Other mentors have been Toni Morrison and North African writer Tahar Ben Jelloun.
I really like the whole idea of mentorship and wish there was more opportunity for it to happen for young authors.
Hmmm ... if you could choose any great artist to be your mentor, who would it be?
Update (15/6/08):
Jane Cornwell profiles Tara in The Australian :
It's been quite a journey for the young writer of Wiradjuri, Afghan and English descent, who grew up in a housing commission strip in Wollongong, NSW. After her parents split up when she was nine, her mother reared the four children in an environment Winch describes as sometimes fraught but ultimately positive.(*Congrats, of course also to Malaysian filmaker Ho Yuhang who made it to the finals in the Film category, and while he didn't win, at least got to meet Martin Scorsese!)
Always a reader, she was still at high school when Robert Frost's poem The Road Not Taken ("Two roads diverged in a wood and I --/ I took the one less travelled by,/ And that has made all the difference") inspired her to become a traveller, too. Travel, geographical and spiritual, has been a passion ever since.
At 17, armed with a two-person tent, a pair of boots and a writing pad, she left Wollongong to hitchhike across Australia. "I just told Mum I was going," she says over orange juice in a London cafe the day after the Rolex launch. "I felt this need to know my country. And because being away forces you to reflect, I started writing as a way of understanding my childhood and my world. Travellers I met gave me books like Zen and the Art of Motorcycle Maintenance, which helped me to look at things differently. I put everything down on paper."
Wanderlust piqued, the word freedom tattooed on her arm, Winch travelled through India, then spent six months at a Tibetan centre in Scotland, practising the Buddhism that continues to direct her life. Back in Australia three years later, she settled in Brisbane and struggled to make ends meet. In her spare time she hung out at the State Library of Queensland, feeding her appetite for reading. "One day I saw an ad for their short-story writing competition. There was prizemoney, so I typed one up on my old orange portable typewriter."
Her story won the $500 runner-up prize and became the first instalment of Swallow the Air. Winch wrote much of the book while pregnant with her daughter, Lila, now 2 1/2.
6 comments:
For me, it would be Salman Rushdie, Jonathan Carroll, Milan Kundera, or Neil Gaiman.
A.S. Byatt
i'd like annie proulx though i'm a bit worried because she gives the impression that she doesn't suffer fools gladly.
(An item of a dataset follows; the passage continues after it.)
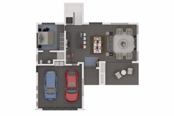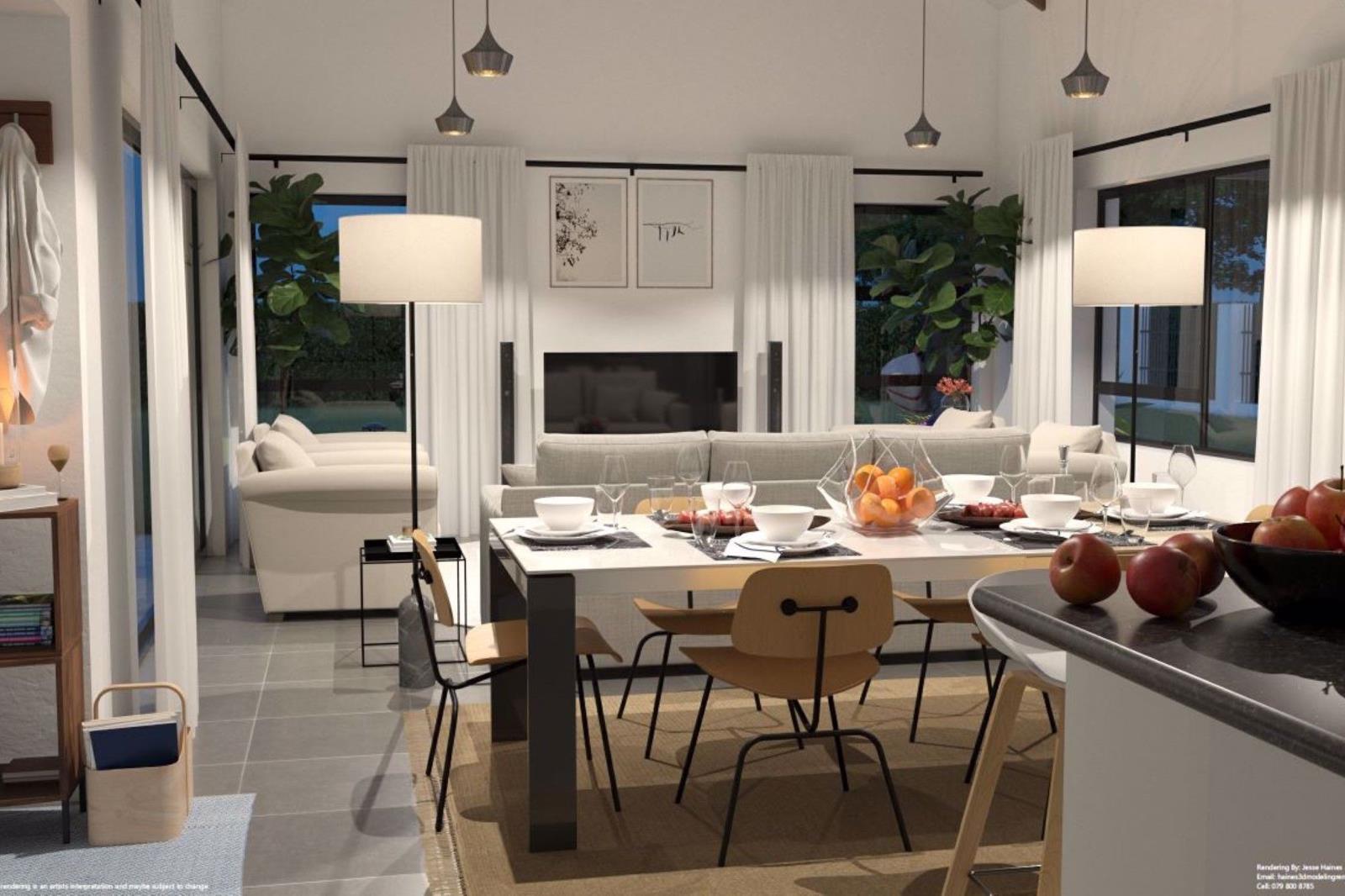 The three bedrooms are well sized and all en suite, with one located downstairs, for those who cant manage stairs so easily. Upstairs is also a studyoffice area, ideal for those who work from home. The main bedroom has a full bathroom and all the bedrooms have plenty of wardrobes. Sites 1 and 50 have the option to be three bedroom single storey 189m2 at R3.296m

I know that we live in an ageist world but why does it have to be YOUNG authors?
What about writers who start later on in life?
Mentor well living authors - maybe Michael Moorcock or Umberto Ecco.
Past authors would have been - R.K Narayan or Dylan Thomas when he was sober.
Hmm ... P D James or Sue Grafton.
Animah, great choice. Since you've taken Byatt, I'm opting for Alasdair Gray. His new book is beautiful, in every sense of the word.